----- Source material

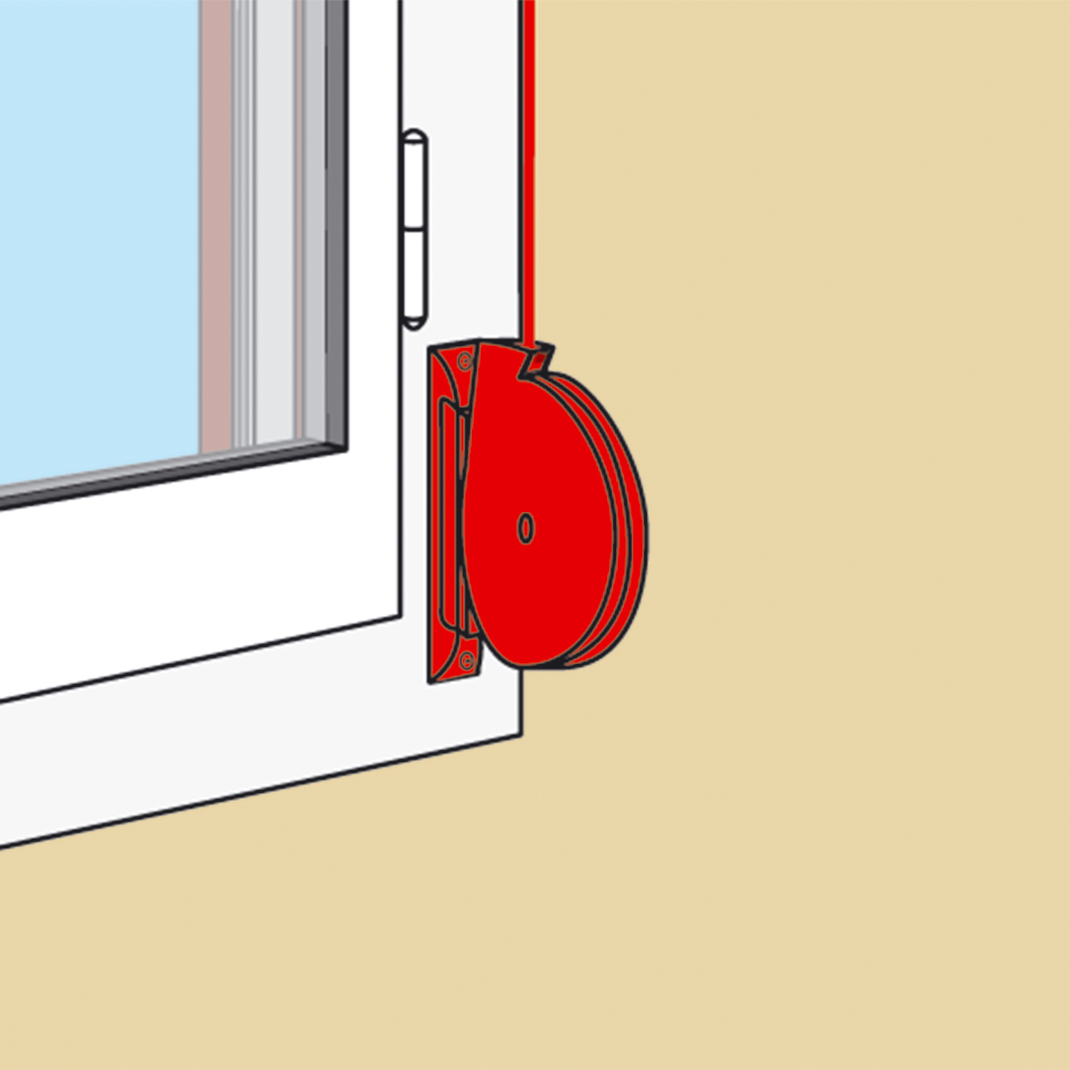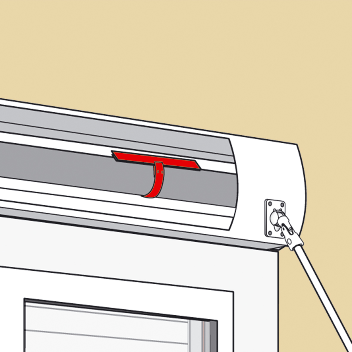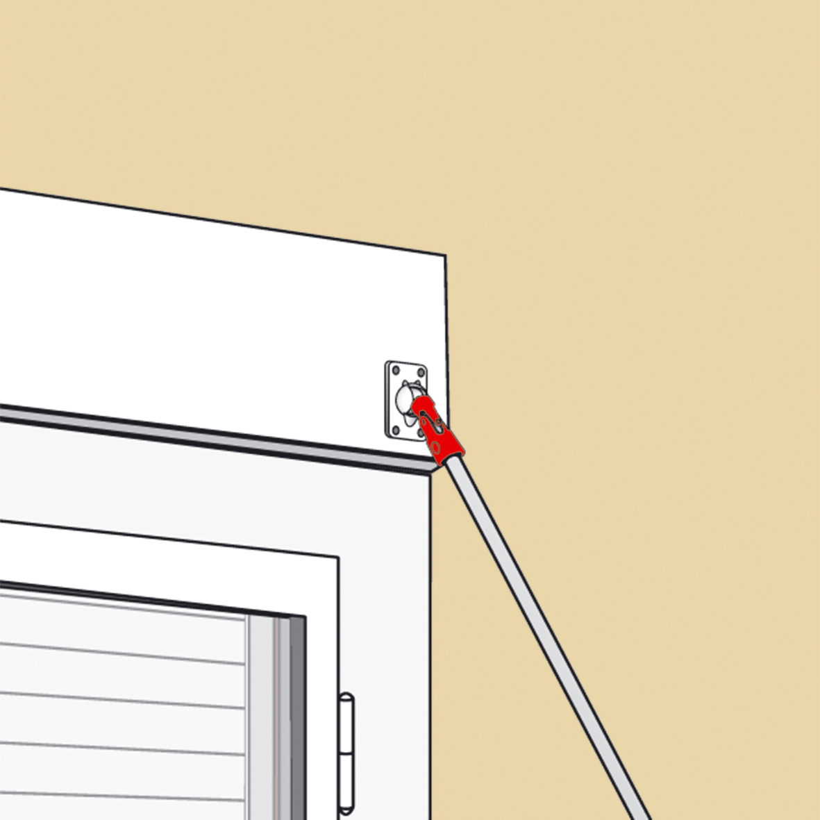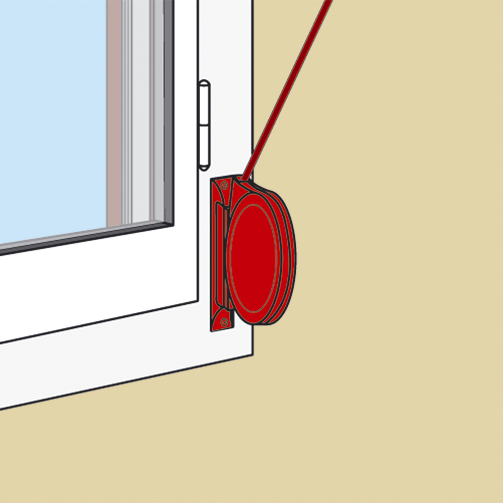 Sur le coffre situé en haut de l'ouverture, un guide-cordon doit être posé afin de faciliter le glissement du cordon et empêche au cordon de s'emmêler tout en limitant l'usure.
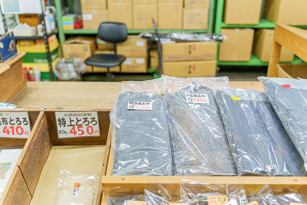 "맛있는 다시 국물"을 찾는 투어는 다시마 가게에서 부터 시작됩니다.
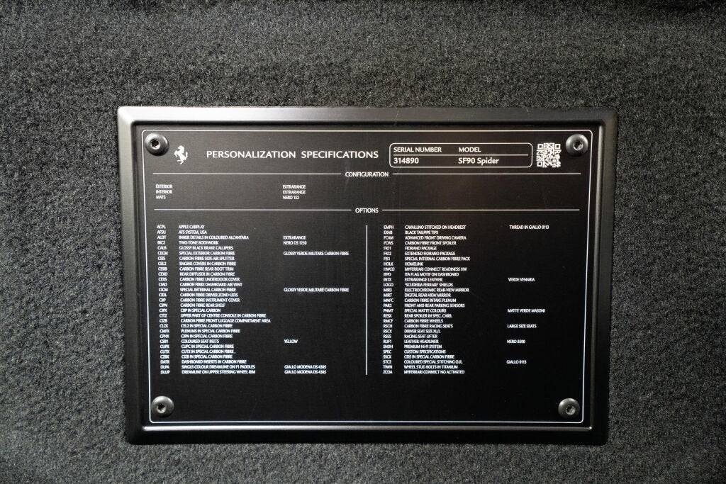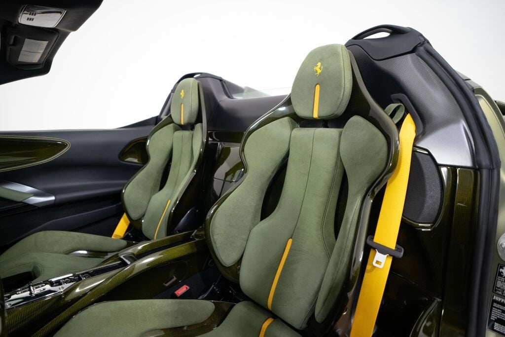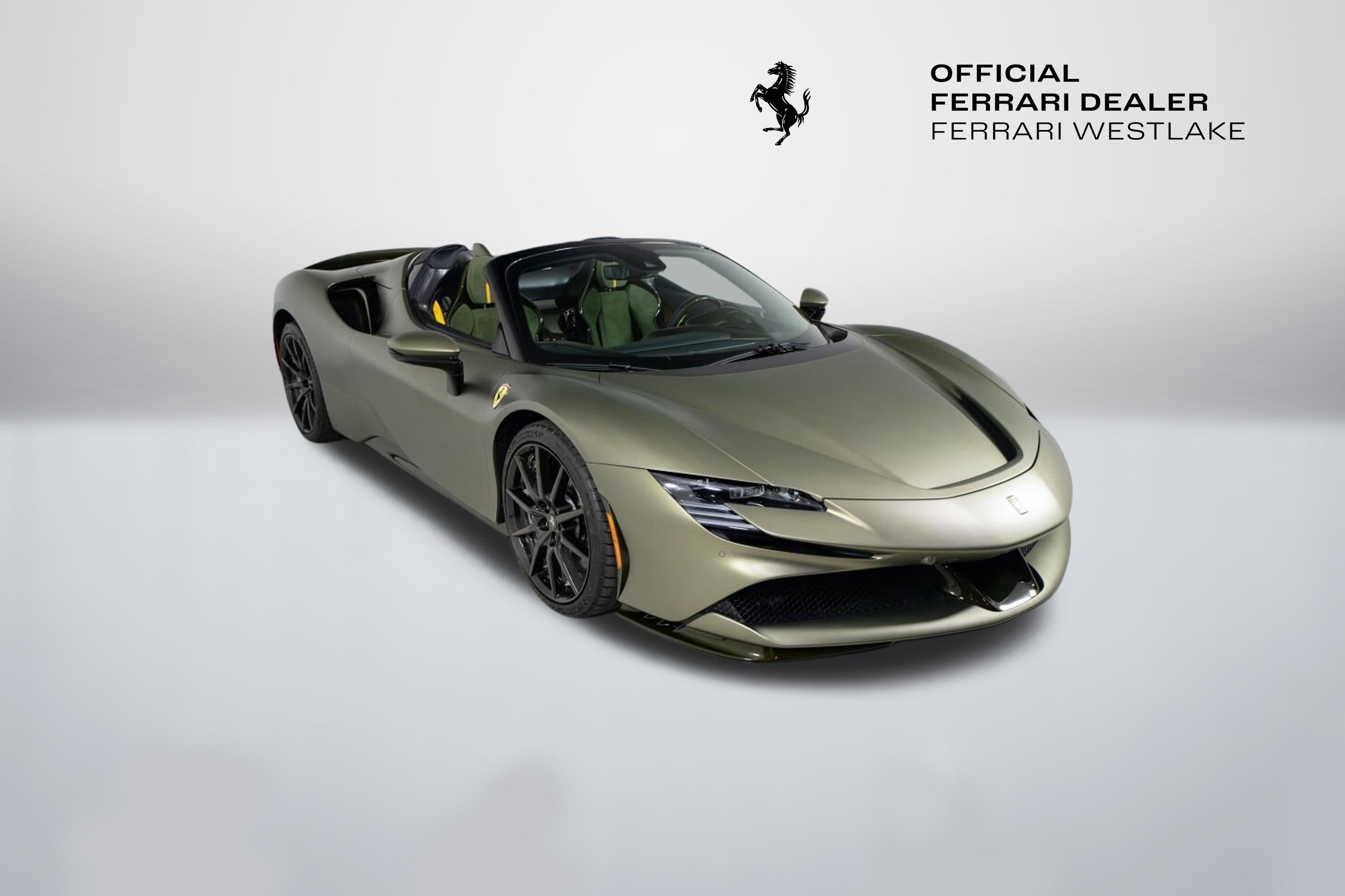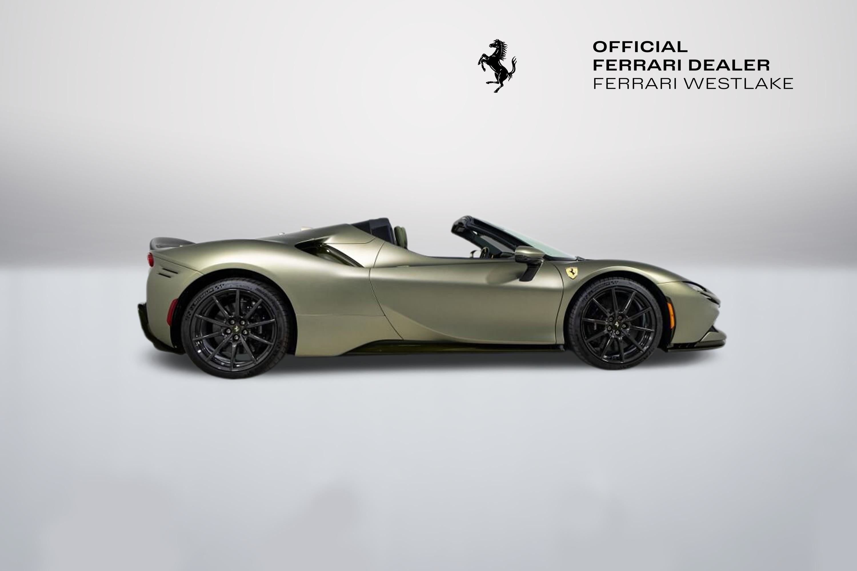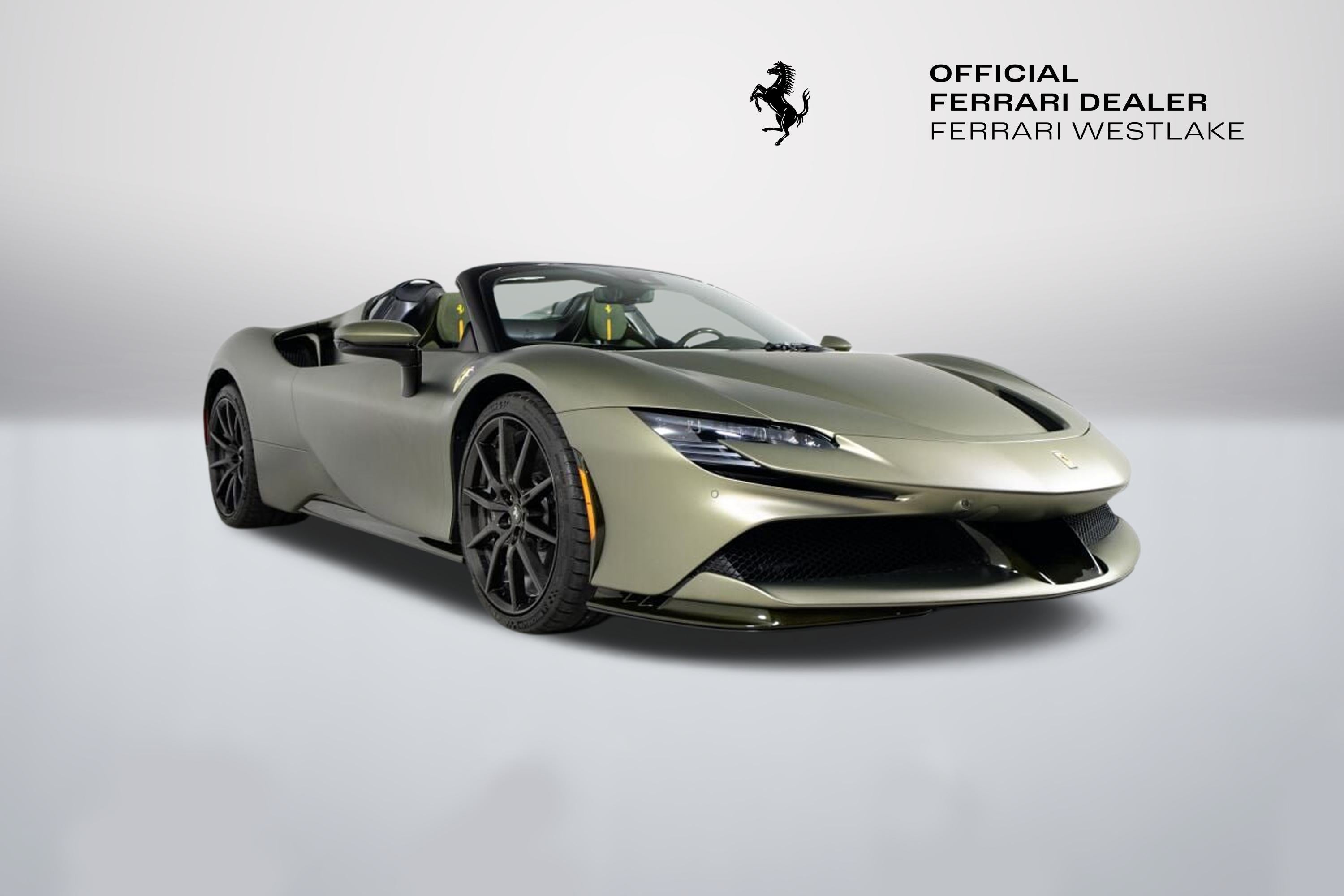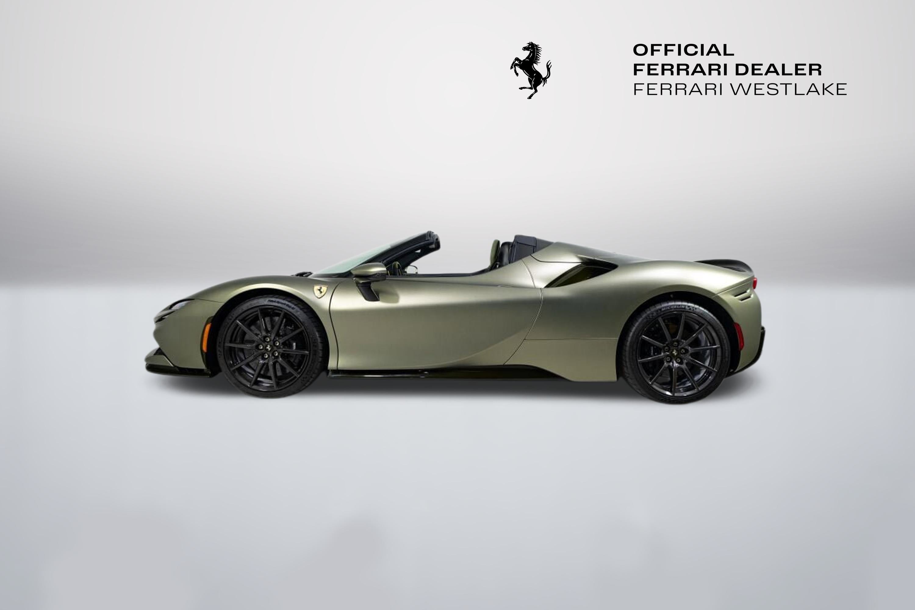 Ferrari Westlake is proud to present the availability of this one-owner, 2025 Ferrari SF90 Spider outfitted with the Assetto Fiorano Package. This SF90 Spider is finished in a Matte Special Paint from Ferrari, Verde Masoni Opaco, a finish that truly captures the essence and lines of this track focused machine. The exterior and interior are further elevated by glossy Verde Militare carbon fiber accents throughout, creating a cohesive and unmistakably bespoke aesthetic. This SF90 Spider represents a pure and uncompromising interpretation of the Prancing Horse’s first production plug-in hybrid Spider, blending Formula 1 derived technology with open-air exhilaration. The SF90 Spider has plug-in hybrid architecture in which the internal combustion engine is integrated with two electric motors at the front, which comprise the RAC-e (Cornering Angle Regulator, Electric) system, and one at the rear derived from and named after a Prancing Horse Formula 1 innovation, the MGUK (Motor Generator Unit, Kinetic). Power is sent to all four wheels, making this the first mid-engine Ferrari with all-wheel drive. The 4.0-liter twin-turbocharged V-8 generates a mighty 769 horsepower on its own, and the trio of electric motors provide an additional 217 horsepower. The synergy between the internal combustion engine and the electric motors unleashes a net output of 986 horsepower and 590 lb-ft of torque. The SF90 Spider masterfully blends advanced hybrid technology with open-air excitement, maintaining its striking design and aerodynamic precision. As Ferrari’s first series-production PHEV Spider, it stands as a powerful expression of innovation, versatility, and authentic Ferrari emotion. Factory Exterior Options: Ferrari Paintwork in Verde Masoni Opaco EXTC/PNMT Two-tone Body Work in Nero BIC2 Exterior Special Glossy Carbon in Carbon Verde Militare CECM Assetto Fiorano & Fiorano Package Extended FIO1/FIO2 Special Carbon Fiber Lateral Front Spoilers FCWS/FCWX Special Carbon Fiber Under-Door Trim CEXS/CEXX Special Carbon Fiber Lateral Rear Screen Accents CERB/CBTX Special Carbon Fiber Lateral Engine Air Intake CEIS/SSCX Carbon Fiber Intake Manifold Cover MNFC Special Carbon Fiber Rear Diffuser CEXD/CEDX Special Carbon Fiber Engine Compartment Shield CEL2/CL2X Plenums Special Carbon Fiber CMFX Sport Tailpipe Tips with Black Finish EXAB Nero Brake Calipers CALB Scuderia Ferrari Shields LOGO Special Carbon Fiber Wheel Cap CUPC/CUPX Titanium Wheel Studs TIWN Front Parking Sensors PAR2 AFS System AFSU Advanced Front Driving Camera FCAM Factory Interior Options: Verde Venaria Special Interior INTC/INTX Carbon Fiber Racing Seats in Special Carbon RSCH/RSCX Racing Seat Lifter RSES Nero Carpets CRPT Special Stitching in Giallo STC2 Alcantara Seat Piping ALDT Leather Headliner in Nero RUF1 Inner Special Carbon Fiber in Glossy Carbon in Carbon Verde Militare CICM Special Carbon Upper Part of Dashboard (Matte Finish) CIIP/CIPX Gloss Finish Carbon Fiber Bench CIPN Special Carbon Matte Finish in Luggage Compartment CIZB/CZBX Special Gloss Carbon Fiber Dashboard Accents DATR/DATX Special Carbon Gloss Carbon Fiber Tunnel Insert CITZ/CUTX Special Carbon Fiber Steering Wheel with LEDs LEDS/CIDL/CLDX Carbon Fiber Dashboard Air Vent CIAD Embroidered Cavallino Emblem on Headrest EMPH Color Safety Belt in Giallo CSB1 Dreamline F1 Paddles in Giallo Modena DLPA Dreamline Upper Arch Steering Wheel in Giallo Modena DLUP Italian Flag Painted on Dashboard IFPD Special Features - SPEC HIFI Premium Sound System SNDH My Ferrari Connect HWCO Apple CarPlay ACPL HomeLink Home Access System HOLK Electrochromic Exterior Mirrors MIR3 Digital Rear View Mirror MIRT Ferrari Factory Warranty is in effect until 02/05/2028. Ferrari Genuine Maintenance 7 Year Program is in effect until 02/05/2032. Ferrari’s 4 Years Emission Warranty is in effect until 02/05/2032. If you would like additional information or wish to schedule a private viewing, we invite you to contact the Ferrari Westlake Sales team.

----------

Exercise prompt:
Retype nothing except the lines from the first line of the listing above through the line with "가게에서 부터 시작됩니다.", exactly as they stand, and no pictures.

Reply:
 Sur le coffre situé en haut de l'ouverture, un guide-cordon doit être posé afin de faciliter le glissement du cordon et empêche au cordon de s'emmêler tout en limitant l'usure.
 "맛있는 다시 국물"을 찾는 투어는 다시마 가게에서 부터 시작됩니다.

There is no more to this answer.